## [WORK INSTRUCTIONS]
Go through the listing below, and from the line containing "- レディース > ジャケット・アウター" through its last line, transcribe every line exactly, skipping pictures.

## [RAW DATA]

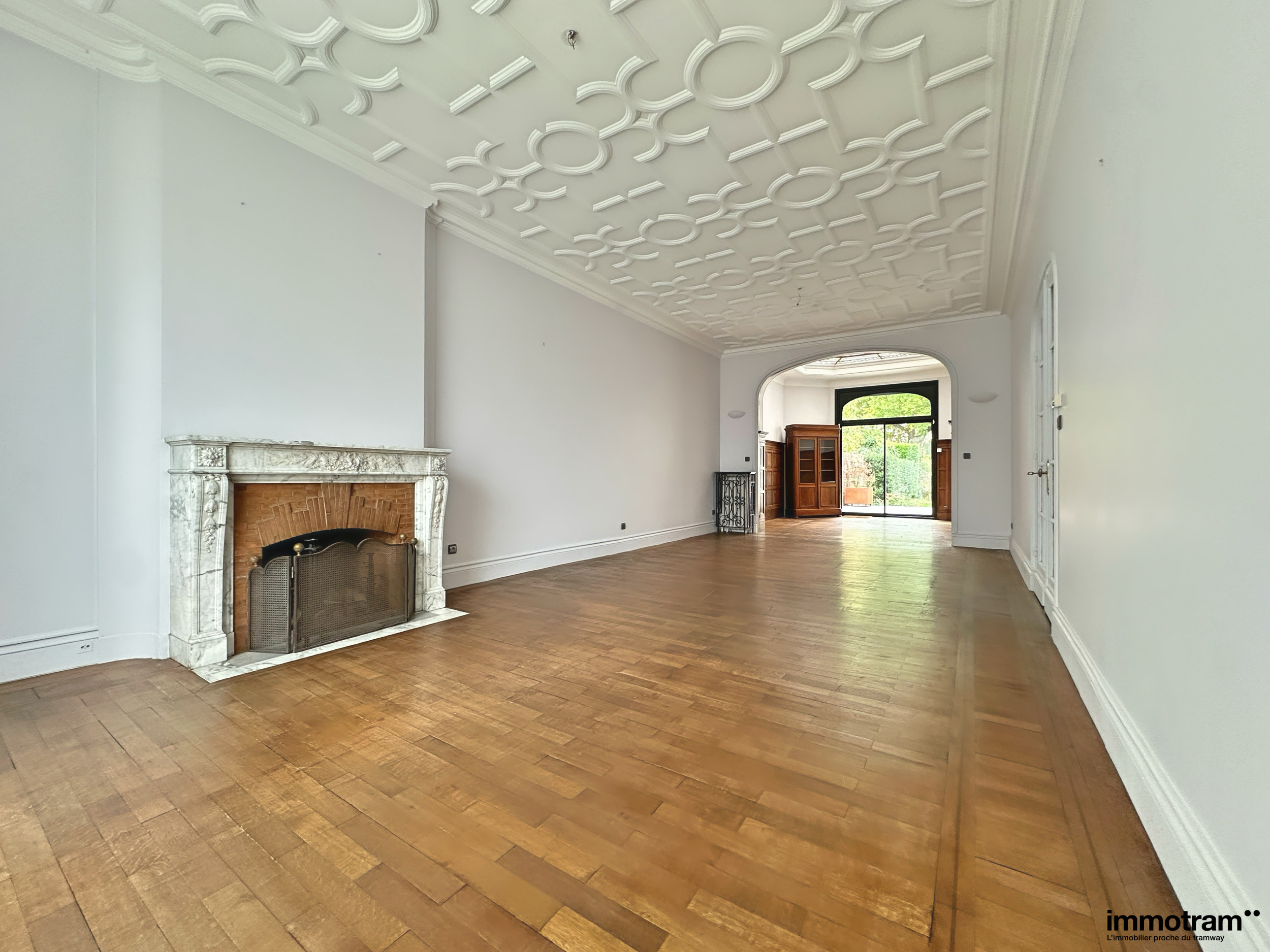 Dès l'entrée, le charme opère :Un vaste hall avec vestiaire et commodités distribue un magnifique séjour d'environ 60 m², sublimé par une cheminée, un parquet d'origine, ainsi que de superbes boiseries, vitraux et moulures typiques des années 1920.Une atmosphère unique, chaleureuse et raffinée.
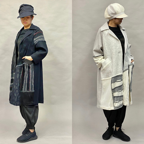 - レディース > ジャケット・アウター > YoshiYoshibypj】アシンメトリー異素材ドッキングロングコート SALE 秋 冬 コート レディース アウター アシンメトリー異素材
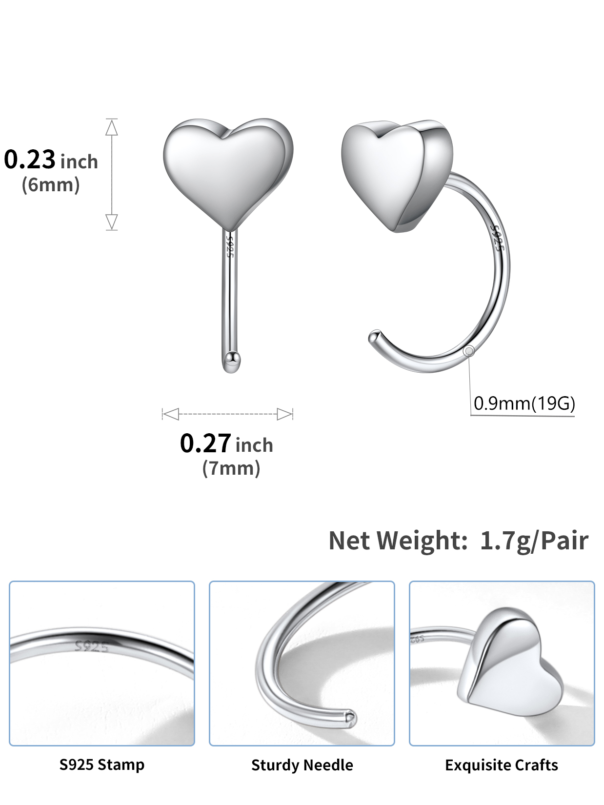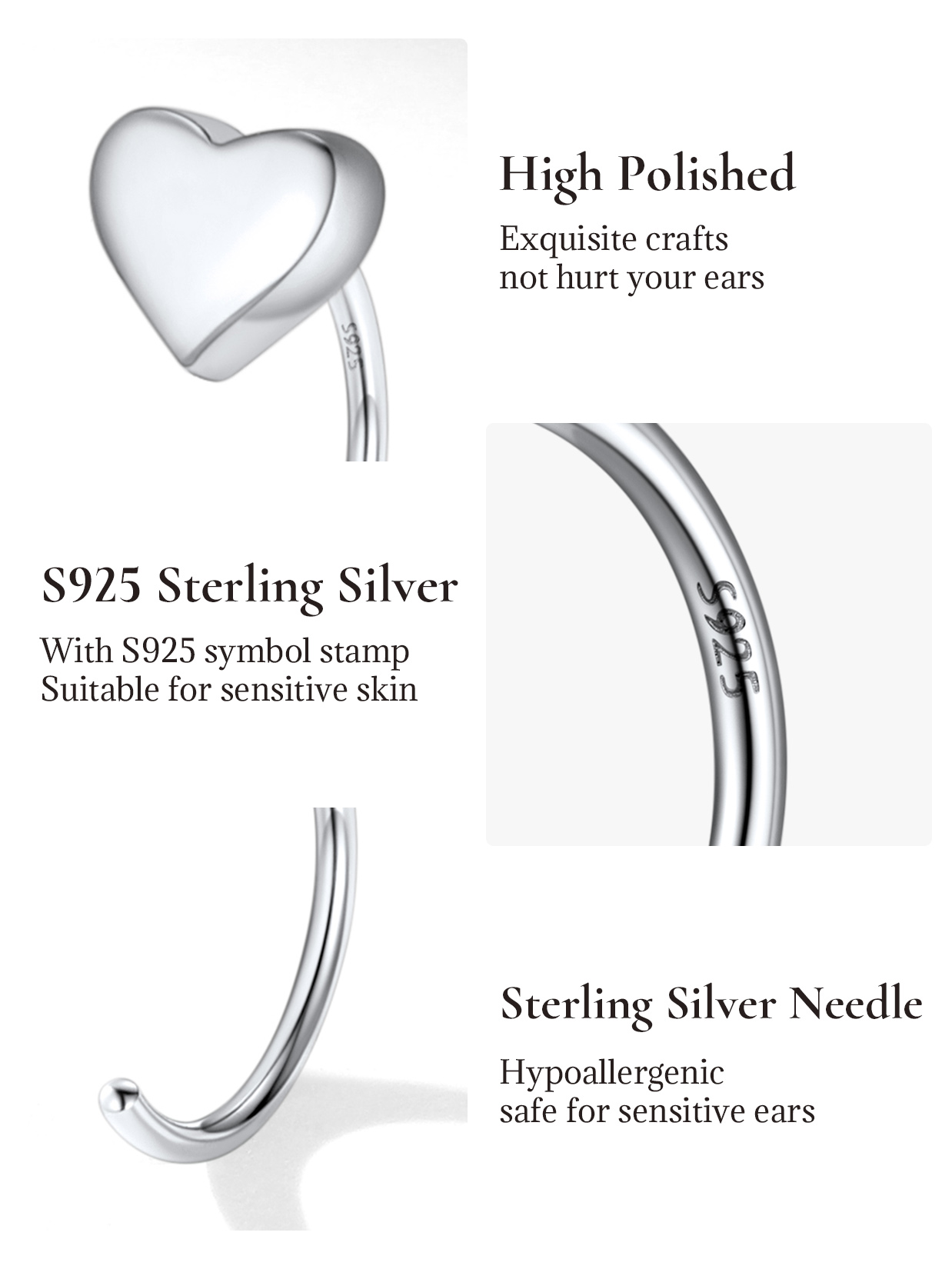 Hypoallergenic Sterling Silver Earring: high quality 925 sterling silver made, hypoallergenic earrings, Nickel-Free and Lead-Free, S925 needle, safe for sensitive ears. Lightweight hoops huggie earrings, smooth edges comfort your ears skin.

## [SOLVED PROBLEM]
 - レディース > ジャケット・アウター > YoshiYoshibypj】アシンメトリー異素材ドッキングロングコート SALE 秋 冬 コート レディース アウター アシンメトリー異素材
 Hypoallergenic Sterling Silver Earring: high quality 925 sterling silver made, hypoallergenic earrings, Nickel-Free and Lead-Free, S925 needle, safe for sensitive ears. Lightweight hoops huggie earrings, smooth edges comfort your ears skin.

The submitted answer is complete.